Select data sources. You will see an option to add data source:

You’ll see a collection of data sources, organized by type. Grafana has native support for:

  • Prometheus
  • Graphite
  • OpenTSDB
  • InfluxDB
  • Loki
  • Elasticsearch
  • MySQL
  • PostgreSQL
  • Microsoft SQL Server
  • Stackdriver
  • CloudWatch
  • Azure Monitor
  • Grafana Cloud
  • TestData DB

And can connect to an array of other data sources through other plugins.

In order to connect to Panoply, scroll down to the SQL section and select PostgreSQL.

 

 

In the next dialog, you’ll be able to set up a nickname for your connection.
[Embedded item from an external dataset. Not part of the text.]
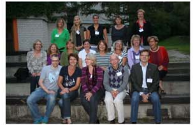
Team 2009: Facharzt für Plastische Chirurgie, Seelsorger, Psychologin, Ergotherapeutin, Krankengymnastin, Kinderkrankenschwester, Spezialistin für Kompression, 7 Heilpädagogen und Erzieher, 2 erwachsene brandverletzte Kinder, 2 Seminarleiter von Paulinchen

Kinder verunglücken in verschiedenen Alterstufen, jedes Entwicklungsstadium lässt unterschiedliche Probleme entstehen. Um den Kindern und Jugendlichen die Möglichkeit zu geben, andere brandverletzte Kinder kennen zu lernen und den Eltern bei Fragen zur Rehabilitation sowie bei langfristigen Korrekturplanungen zu helfen, veranstaltet Paulinchen e.V. seit 1996 jährliche Burn Camps für Familien mit brandverletzten Kindern – die Paulinchen-Seminare. Ein Expertenteam berät und begleitet die Familien.

You’ll also need the connection details you collected in the steps above.

 

As a reminder, the login information should match what you use to login to Panoply. After you’ve entered your information, scroll to the bottom and select Save & Test. If all is configured correctly, you should see confirmation that the connection was set up successfully.

 

Exploring your DynamoDB data in Grafana

Now that the connection has been set up successfully, head over to the explore section on the navigation bar.

 

 

You’ll be taken to a new pane where you’ll be able to run queries on your connected data. In order to run a query, you’ll need to specify: data source, specific tables and specific columns.

 

 

Unlike some other BI and dashboarding tools, Grafana won’t automatically detect and populate a list of tables for you, so you’ll have to be quite specific about what data you’d like to pull in. In this case, since we’re using the trades dataset that we uploaded to our DynamoDB instance above, we’ll want to select “public”.”trades” for our first table here.

Now that we’ve covered the basics, let’s get to Grafana’s main use case: sweet dashboards.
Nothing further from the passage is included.